I took Oscar to a birthday party for one of his classmates this weekend though and the difference in his ability to interact with his peers and seeing how they did so with him, was just so heart-warming. At one point Oscar sat down on the floor and got upset. One of the little boys went over to him, crouched down right in front of him and had a little chat with him. I’ve no idea what he said but it was enough to make him stop crying. Another girl, who I know he shares a special bond with, spent most of the party holding his hand, sitting next to him, hugging him, helping him and dancing with him. It was just so lovely.

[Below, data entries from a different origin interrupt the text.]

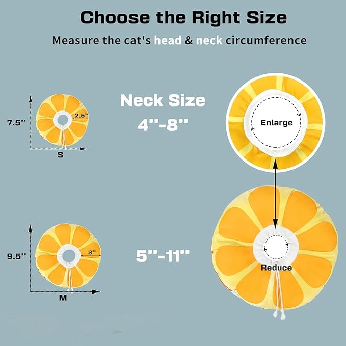 - Suit for all Size of Cats: We offer 2 sizes of cat cone, and the middle of each cone is adjustable, ensuring a definite fit for your cat. Size M fits (9.5 "x9.5 "x2.2‘’) cats with a neck circumference of 5-11 inches
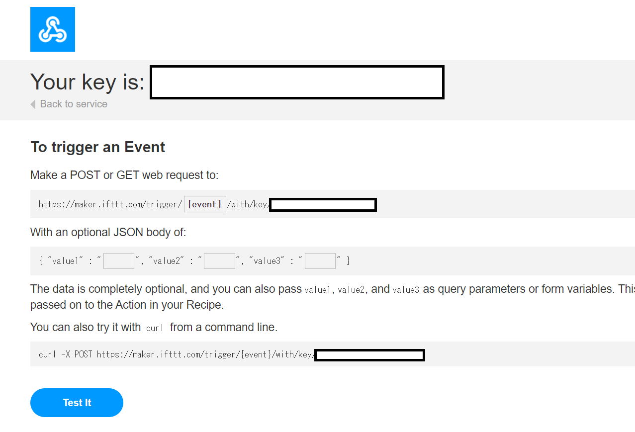 「Event Name」に行う動作名を入力し「Create trigger」をクリック
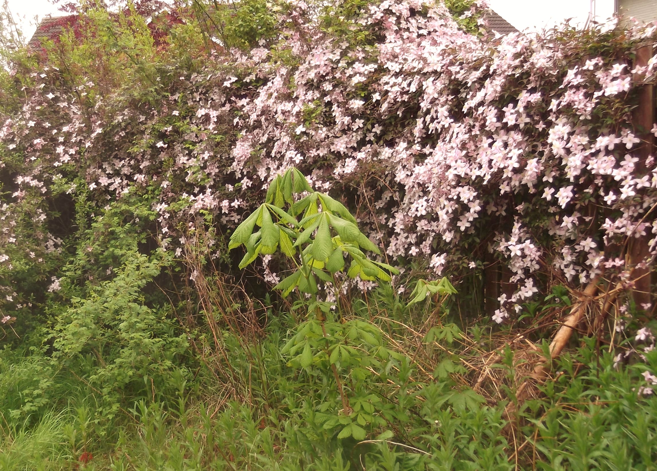 At the back of the bund you can also see examples of where MCT has been pollarding crack willows in the interests of future management and longer-term safety.  On other willows some attractive flowers may be seen in places. DSCF1193 DSCF1197 It’s inevitable that from time to time garden escapees will appear on the site. Where these are just poking through fences to search for the sun all we can do is stand back and admire, as for the beautiful clematis below.  They are good for local wild life. DSCF1194 Note though the young self-sown Chestnut tree.  It will probably be retained somewhere on the site, but its present position is far from ideal for the adjacent resident in the longer term. To the casual observer the image below may not be the most exciting on our web site!! However it shows that, after 9 days of our careful daily watering regime, our Kew “Grow Wild” seeds are starting to germinate on the patches of soil added by MCT after grassy tussock removal.  If not washed away by the monsoon that followed this bodes well for summer colour.

Friendships for me especially, were so important. Sure, the academic stuff is too but one of my biggest worries was that he wouldn’t make friends or that others would get fed up being around him. I needn’t have worried. Just yesterday as we were walking in to school, one of Oscar’s classmates came up beside us. And as we continued walking, his mum and I talking as we went, I looked down to see that this little boy had taken Oscar’s hand and walked the entire way in to school with him. They’d said hi to each other when they first held hands but other than that they didn’t say too much. What I loved about it was that there was no prompting from his mum, this little boy had just grabbed Ozzie’s hand because he’d wanted to. And even though there wasn’t much dialogue, every once in a while, they’d share a look and smile.
Oscar won’t be with those kids next year but he’ll still see them in the playground I’m sure. I have faith in him that he’ll be able to cope with the next step. He’ll meet new friends. He’ll carry on trying his best. And without doubt, I know he (and all his peers who happen to have DS too), will carry on smashing those misperceptions some of us had about Down Syndrome, out of the park.